PROBLEM
Verbatim output of the lines below is required, with the images omitted.

SUPPLIED DATA
◇ ◇ ◇ ◇

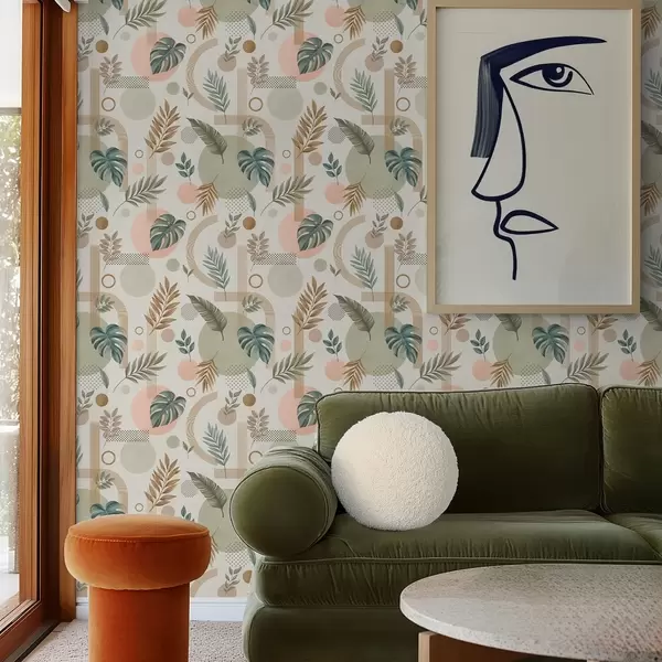 Papiers peints Feuilles et formes géométriques dans des tons chauds et apaisants Nr. a00677
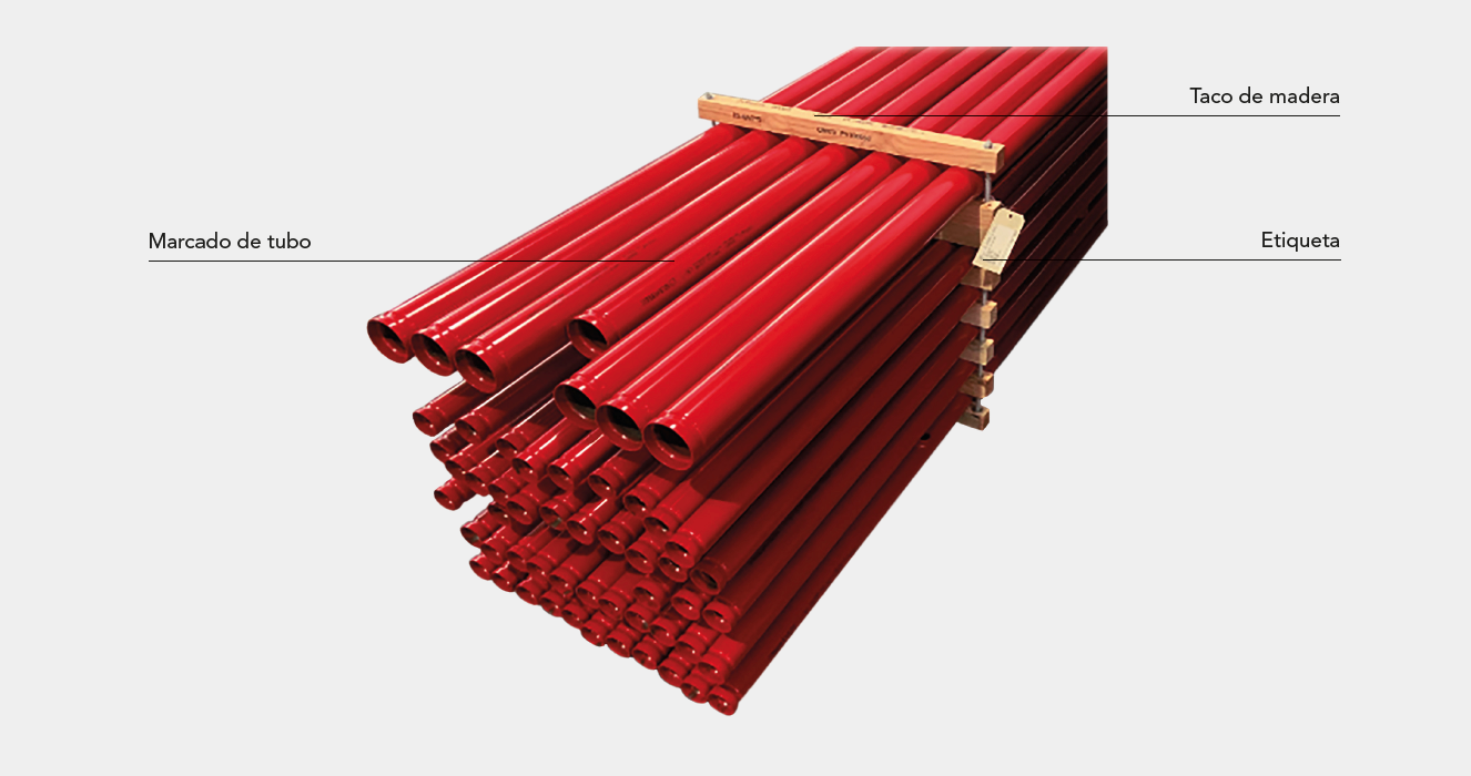 Tanto los paquetes como la tubería se almacenarán en una superficie plana y estable.
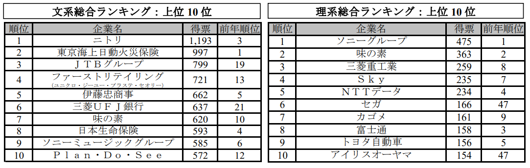 - 理系総合:「ソニーグループ」が2年連続1位、2位に「味の素」がランクインした。3位「三菱重工業」は前年8位からランクアップ。6位の「セガ」と10位の「アイリスオーヤマ」は共に前年47位からトップ10入りし、大幅なランクアップとなった。

◇ ◇ ◇ ◇

RESULT BELOW
 Papiers peints Feuilles et formes géométriques dans des tons chauds et apaisants Nr. a00677
 Tanto los paquetes como la tubería se almacenarán en una superficie plana y estable.
 - 理系総合:「ソニーグループ」が2年連続1位、2位に「味の素」がランクインした。3位「三菱重工業」は前年8位からランクアップ。6位の「セガ」と10位の「アイリスオーヤマ」は共に前年47位からトップ10入りし、大幅なランクアップとなった。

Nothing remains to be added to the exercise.